● Required action
The records below are to be restated word for word, with every picture left out.

_ _ _ _ _ _ _

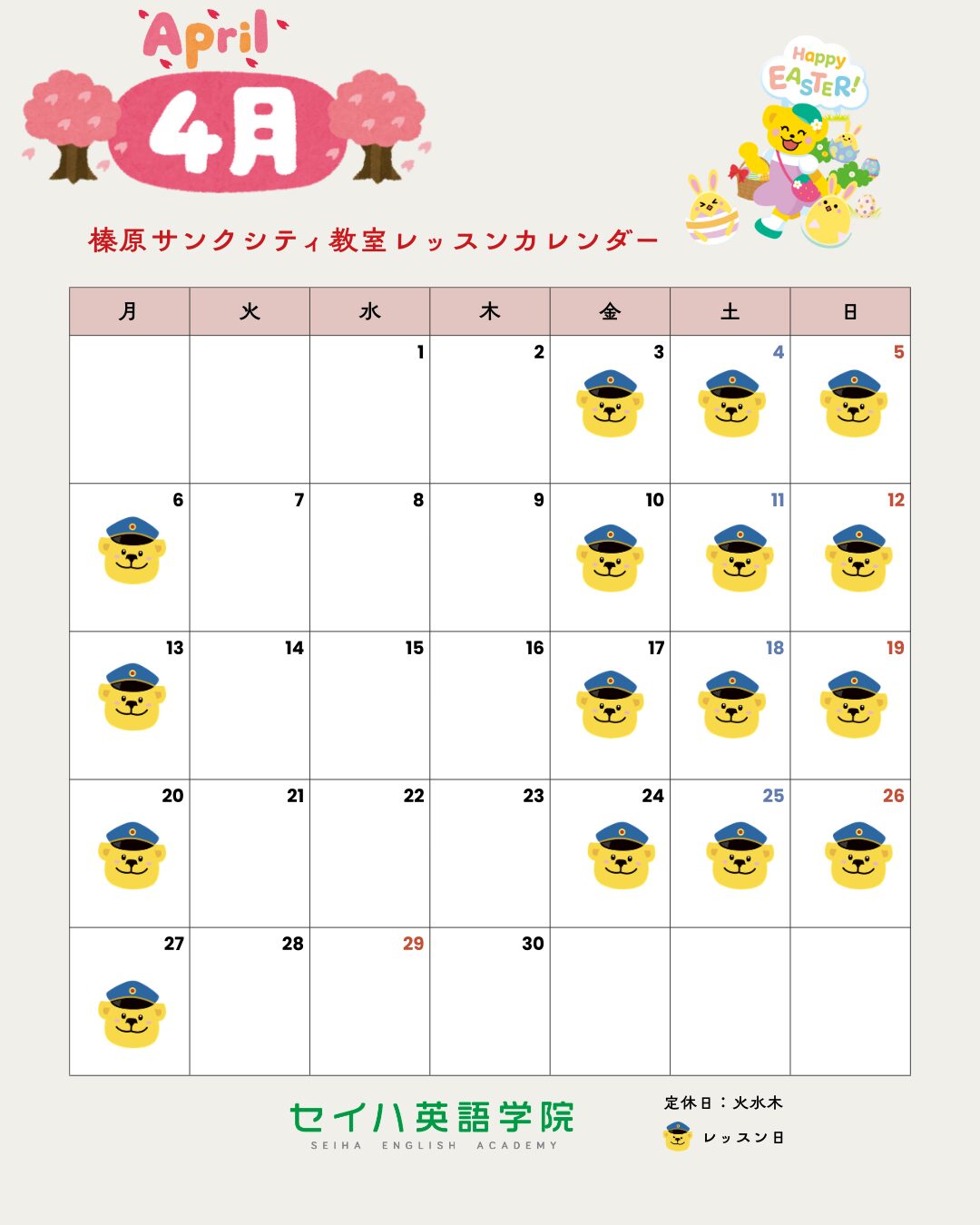 ※ 予告なく受付時間を変更する場合やスクールホリデー等があります。ご来校前にお電話にてご確認ください。
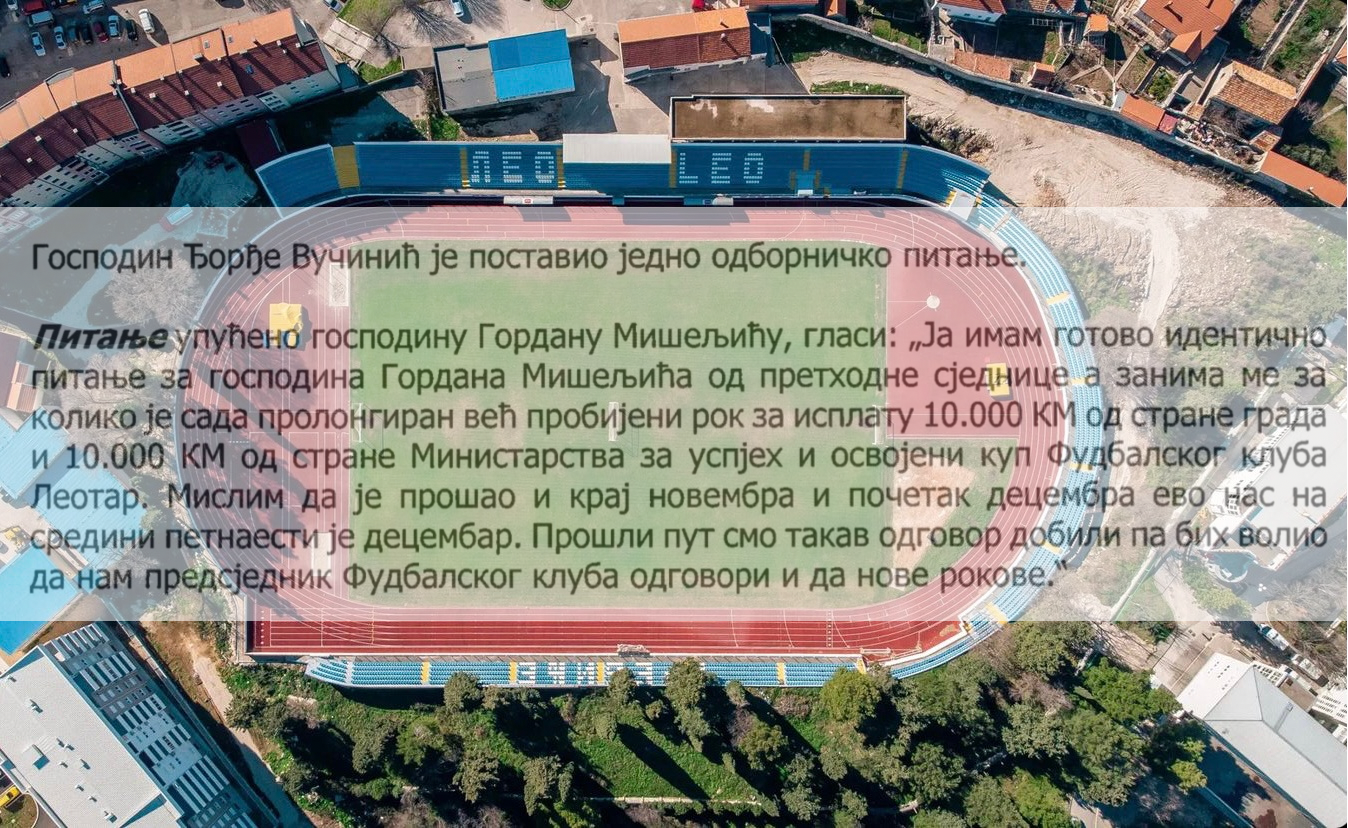 O tome smo govorili u više navrata, a postavljao sam i dva odbornička pitanja gospodinu Gordanu Mišeljiću koji je prvi put odgovorio da će krajem novembra ili najkasnije početkom decembra biti uplaćena sredstva, a kad sam ga podsjetio na probijeni rok, Mišeljić se drugog puta branio ćutanjem.
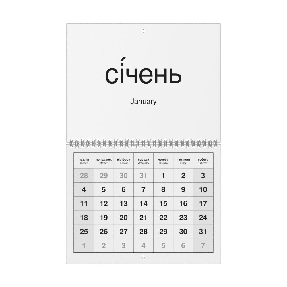 2026 Wall CalendarUkrainian/English-Labeled, Sunday-Start Layout, Wire-Bound, 11 x 8.5 in (27.9 x 21.6 cm)
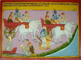 | Description / विवरण | Miniature painting based on Harivansha depicting elopement of Rukmani with folded hands and requesting Krishna not to kill his brother at top right part. At the lower right part Rukmani is shown helping Rukmak to get up and Krishna embracing him. At the top left Krishna is leaving with Rukmani. |
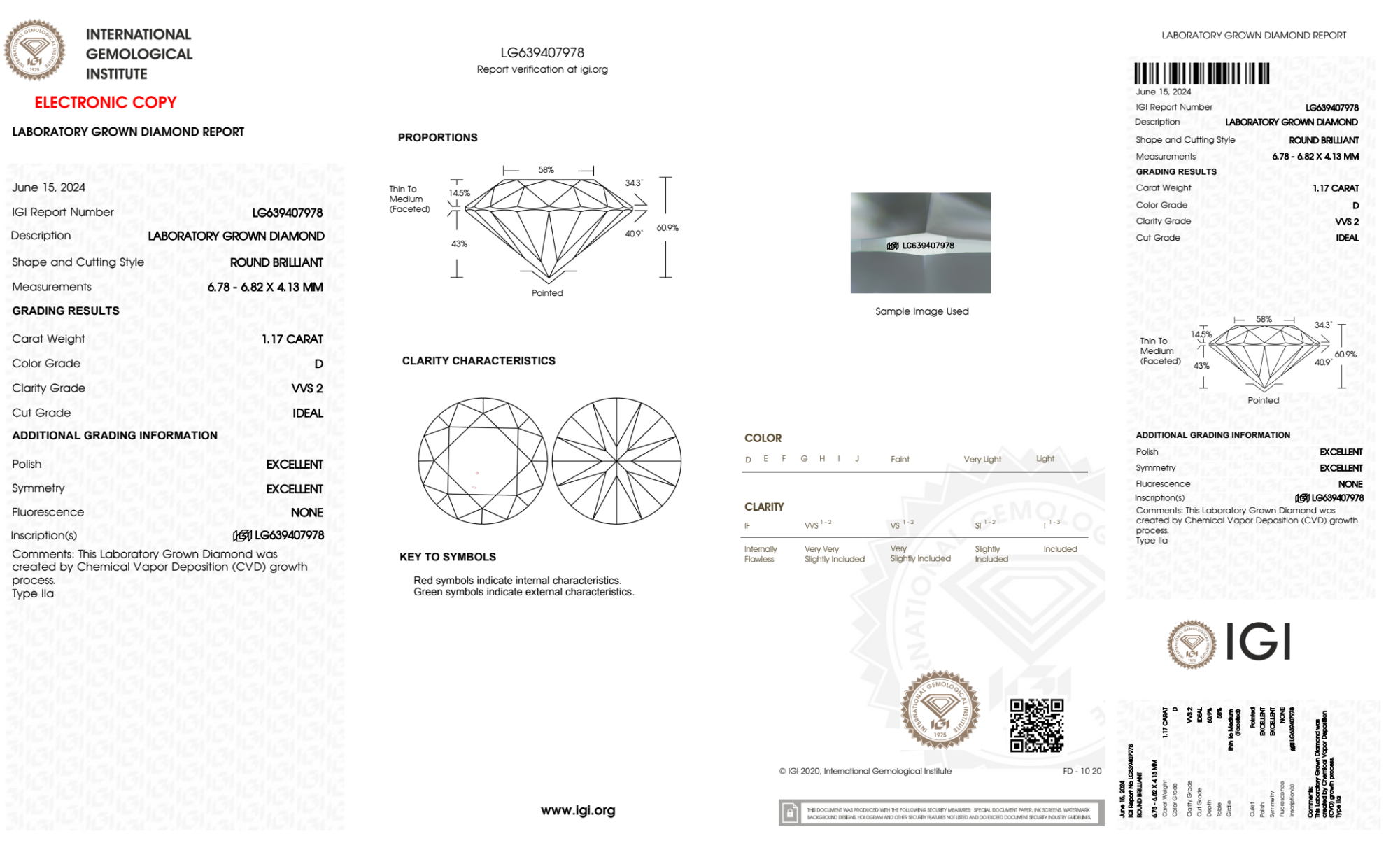 Your 1.17 carat Round lab diamond is graded D color (Colorless), and you can read more about D color diamonds here.
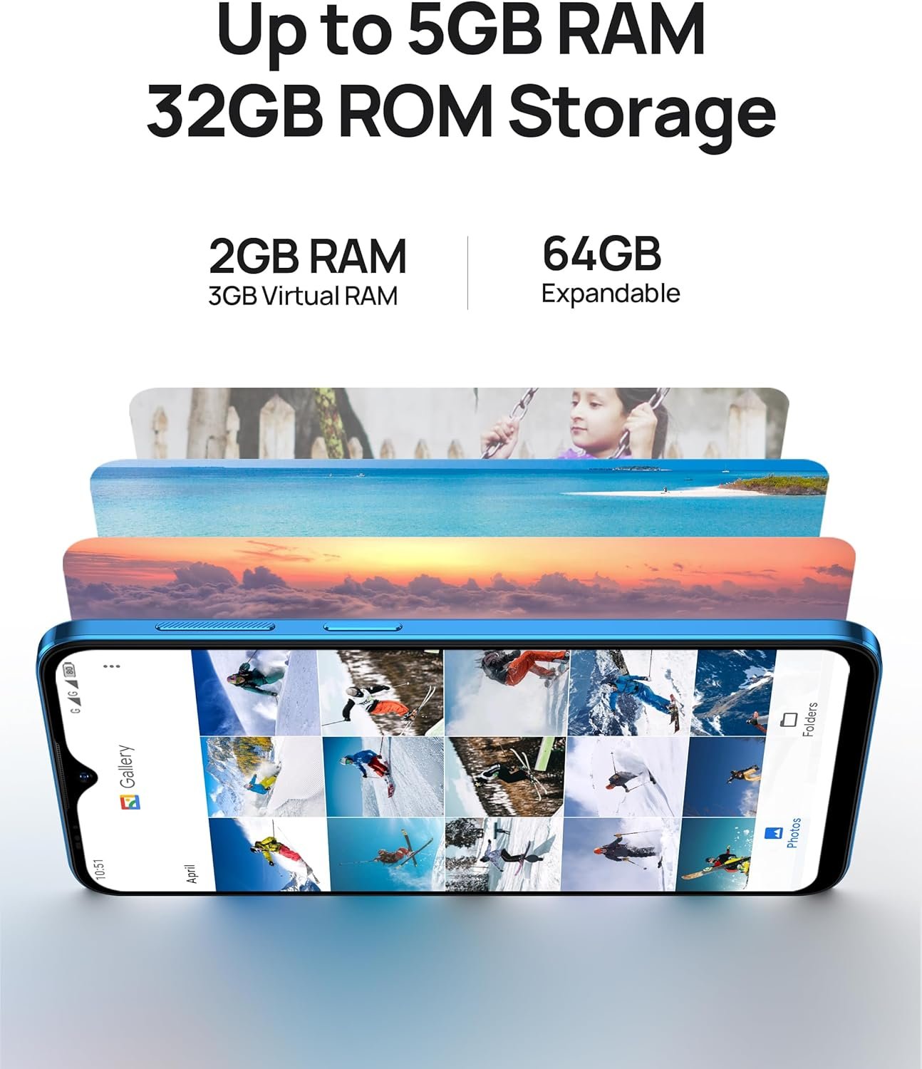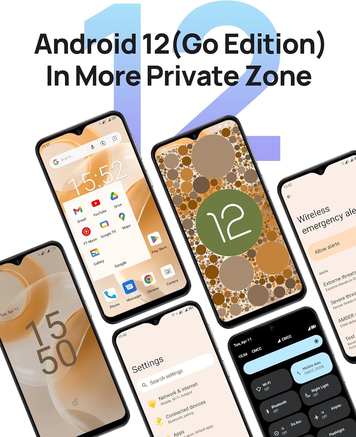 Android 12 GO unlocked cell phones, 5GB (2GB standard RAM + max.3GB virtual RAM) + 32GB ROM storage, 4000mAh battery

_ _ _ _ _ _ _

● Response box
 ※ 予告なく受付時間を変更する場合やスクールホリデー等があります。ご来校前にお電話にてご確認ください。
 O tome smo govorili u više navrata, a postavljao sam i dva odbornička pitanja gospodinu Gordanu Mišeljiću koji je prvi put odgovorio da će krajem novembra ili najkasnije početkom decembra biti uplaćena sredstva, a kad sam ga podsjetio na probijeni rok, Mišeljić se drugog puta branio ćutanjem.
 2026 Wall CalendarUkrainian/English-Labeled, Sunday-Start Layout, Wire-Bound, 11 x 8.5 in (27.9 x 21.6 cm)
 | Description / विवरण | Miniature painting based on Harivansha depicting elopement of Rukmani with folded hands and requesting Krishna not to kill his brother at top right part. At the lower right part Rukmani is shown helping Rukmak to get up and Krishna embracing him. At the top left Krishna is leaving with Rukmani. |
 Your 1.17 carat Round lab diamond is graded D color (Colorless), and you can read more about D color diamonds here.
 Android 12 GO unlocked cell phones, 5GB (2GB standard RAM + max.3GB virtual RAM) + 32GB ROM storage, 4000mAh battery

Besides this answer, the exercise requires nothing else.